▶ Prompt: Your answer must match, word for word, the lines from the one holding "This is an off" through the final line below, with pictures excluded.

▶ Data shown:

▬▬▬

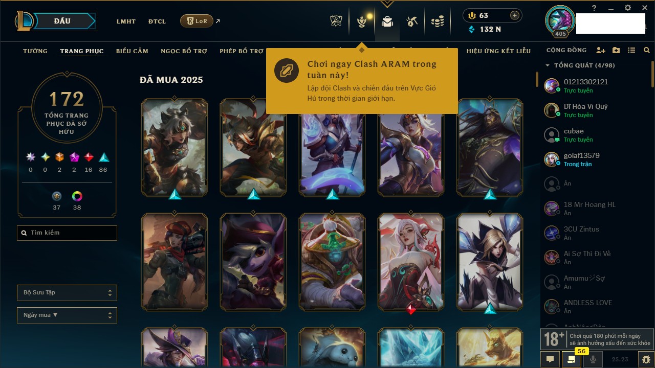 Rank Đơn: Bạc IIIKhung: BạcTướng: 171 - Còn 51045 THXTrang Phục: 220Rank ĐTCL: Sắt IILinh Thú: 141
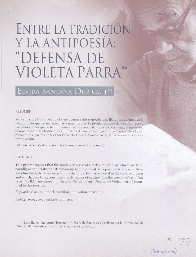 “Entre la tradición y la antipoesía: Defensa de Violeta Parra”. Artículo académico que analiza el poema de Nicanor Parra, “Defensa de Violeta Parra”. Investiga la utilización de la estrofa sáfica adónica del Siglo VI a.C. en este poema.
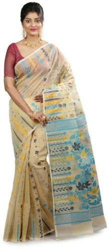 This is an off white coloured dhakai jamdani saree with multi coloured thread works. The entire body of the saree is woven in small butis and spade like motifs in longitudinal pattern. The pallu of the saree has a beautiful dense floral design. This simple yet elegant saree is perfect for everyday work wear.
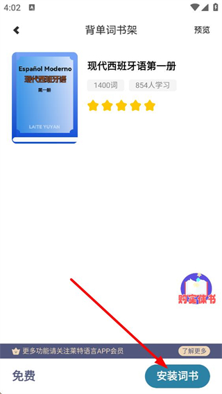 4、安裝詞書后進入背單詞書架界面,能查看已選詞書的信息,包括單詞量與學習人數,還可點擊安裝詞書添加更多資源,豐富學習內容。

▬▬▬

▶ Result of this exercise:
 This is an off white coloured dhakai jamdani saree with multi coloured thread works. The entire body of the saree is woven in small butis and spade like motifs in longitudinal pattern. The pallu of the saree has a beautiful dense floral design. This simple yet elegant saree is perfect for everyday work wear.
 4、安裝詞書后進入背單詞書架界面,能查看已選詞書的信息,包括單詞量與學習人數,還可點擊安裝詞書添加更多資源,豐富學習內容。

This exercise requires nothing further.